New York Appeals Court Overturns Wife’s Attempt to Set Aside Equitable Distribution Agreement

In Label v Label, a New York Appeals Court recently ruled unanimously to reverse an order of the trial court which partially vacated a portion of the equitable distribution settlement between both parties. In the original agreement, the wife waived her interest in her husband's business in return for other benefits:

In 2007, the wife hired an independent appraiser to calculate the value of the business as of the commencement date of the divorce action, 2004. He estimated the value of the business to be $1,042,890. Based on this information, the wife entered into the agreement whereby she waived her rights to a portion of the value of the business.

However, in 2008, the wife stole documents from her husband's home office indicating his intent to sell his interest in the business for $1,820,000. As a result, the wife obtained an updated appraisal of the business, listing its value at $3,640,000. Based on this information, she moved to set aside only that portion of the settlement agreement that provided for her waiver of any interest in the business, claiming that he fraudulently withheld vital information from her regarding negotiations for the sale of the business, which began in 2007.

The trial court initially approved the motion; however, the appellate court overturned the ruling based on several important points of law:

  • The court cannot set aside only one portion of an agreement while allowing the other party to retain all of the benefits; if the agreement is to fall, then the entire agreement must fall.
  • An agreement between spouses which is fair and reasonable on its face will be enforced according to its terms, absent proof of fraud, duress, overreaching or unconscionability.
  • The husband had no special duty to disclose his preliminary negotiations for the sale of his business to the wife.
  • The proper valuation date for the business was the commencement date of the divorce action.

The last point is particularly important.
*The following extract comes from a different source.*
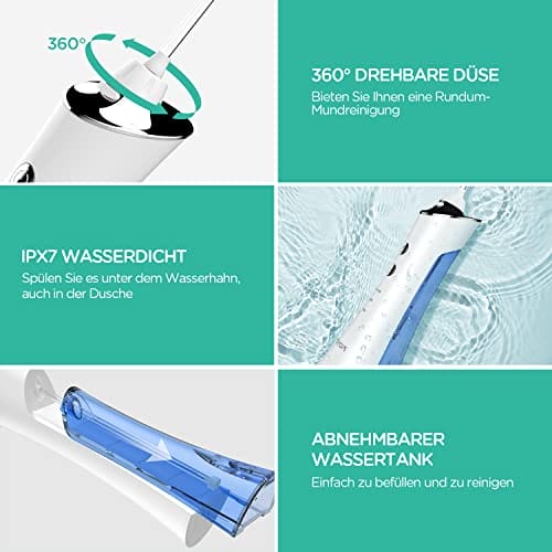 • ZBIORNIK WODY WODY WODY: Irygator wody jest wodoodporny IPX7, dzięki czemu można go bezpiecznie używać pod prysznicem lub wanną bez ryzyka wycieków elektrycznych. I jest wygodne, aby ludzie oddzielili zbiornik na wodę do czyszczenia.

The commencement date of the divorce action was 2004. Therefore, any increase in value to the business over the next three years would not be considered marital property, and the wife would not have a right to receive any of this increased value as part of her divorce settlement. As a result, the court ruled that the husband's actions did not constitute fraud, since he had no legal obligation to disclose information that was not relevant to the value of the business in 2004.